Отец Александр удивленно воскликнул:
– Феодор Продрома! Да!.. Хотя… Судя по тому, как говоришь ты на языке франков, ромейским[122]. На этом языке существует богатая духовная и светская литература, богатый набор кодексов законов) не владеешь вовсе. Феодор Продрома философствующий поэт, гордый своими знаниями, великий гражданин, разочарованный тем, что в Византии знания и ученые люди ценятся весьма низко, великий учитель для многих и просто хороший друг для хороших друзей.
И тут же отец Александр принялся наизусть читать многое из творений знаменитого византийца. Особо подробно ученный святой отец поведал о драме для чтения под названием «Катомиомахия».
Слушал ли его Гудо? Да, пожалуй, слушал. Невозможно человеку думать все время о своем прошлом, настоящем и будущем. Нужно быть и в других мирах, чтобы вернувшись в собственный, увидеть его по-иному. Была ли ему интересна маленькая вымышленная трагедия, со слов отца Александра пародирующая какую то древнегреческую «Батрахомиомахию» с помощью техники каких-то центов? Скорее нет. Но то, как забавно святой отец читал пролог, как искусно исполнил роль вестника, и как даже пытался петь за целый хор, приковало его внимание. Гудо даже улыбался, когда рассказчик добрался до сцены причитания царицы мышей, после того, как мышиное войско отправилось в поход на злющую кошку. Он даже порадовался тому, что в критический момент сражения гнилая балка упала на голову могучей кошки.
И только после того, как отец Александр закончил устное чтение и приступил к разъяснению о том, что великий поэт Феодор Продрома желал высказать в этой драме, Гудо вернулся в себя.
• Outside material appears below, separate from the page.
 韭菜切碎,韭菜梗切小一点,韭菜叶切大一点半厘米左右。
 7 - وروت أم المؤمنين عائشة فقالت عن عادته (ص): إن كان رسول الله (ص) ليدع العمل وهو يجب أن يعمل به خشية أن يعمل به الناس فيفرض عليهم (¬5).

Что ему до великих государственных забот? Что ему до мышиной возни, всего того, что желает царствовать? Что ему до сравнений вымышленных и живущих? Что ему до того чужого добра, которое непременно должно победить чужое зло?
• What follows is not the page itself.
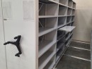 Изготовили полочные передвижные шкафы на рельсах с замковыми механизмами. Доступ возможен только через крайние стеллажи с замками и распашными дверями, что защищает хранимое от несанкционированного доступа, пыли и света. Для удобства работы дополнительно добавили выдвижные полки и архивную тележку.
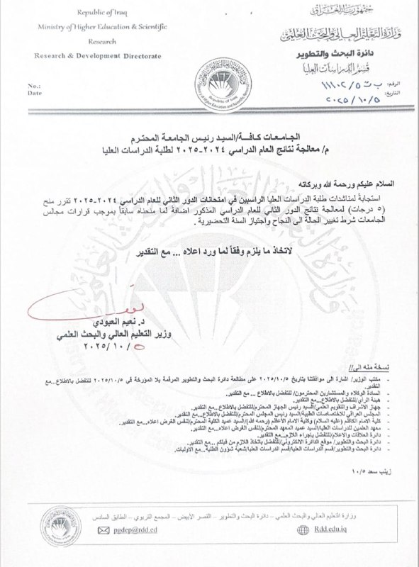 نووسراوی فەرمی: بەگوێرەیی نووسراوێکی وەزارەتی خوێندنی باڵا و توێژینەوەی زانستیی عێراق کە لە ڕێککەوتی 2025-10-05 دەرچووە و واژۆی د. نەعیم عەبودی، وەزیری خوێندنی باڵا و توێژینەوەی زانستی لەسەرە، بڕیاردراوە بە پێدانی 5 نمرە بۆ ئەو قوتابیانەی خوێندنی باڵا کە لە تاقیکردنەوەکانی خوولی دووەمی ساڵی خوێندنی 2024-2025 دەرنەچوون.

У него есть свое личное зло и свое всепобеждающее добро. Вот только это добро сидит на цепи в глубине святой горы Афон, а зло набирает силу, чтобы удалить счастливое время встречи с воссоединенной семьей. Его семьей!
Гудо вернулся в свой мир.
* * *
– Эй, приятель! Да никак опять уснул?
Нет, Гудо не спал. Медленно камень за камнем (ох, и тяжелы эти камни) он переворачивал свою жизнь в поисках ответа на вопрос, который и сам себе боялся задать. Печальная бессмыслица в его голове, когда тело жило без памяти и души. Что было с ним в эти печальные часы, припоминалось редко. Мог большее рассказать Гальчини, но тот или хитро улыбался, или недоступно хмурился. Лишь дважды беспамятство порадовало Гудо. В день, когда его безвольное тело конь вынес к деревушке Аделы, и в тяжелейший час сумасшествия на проклятой галере герцога – тогда дух стрелка Роя спас от гибельного падения.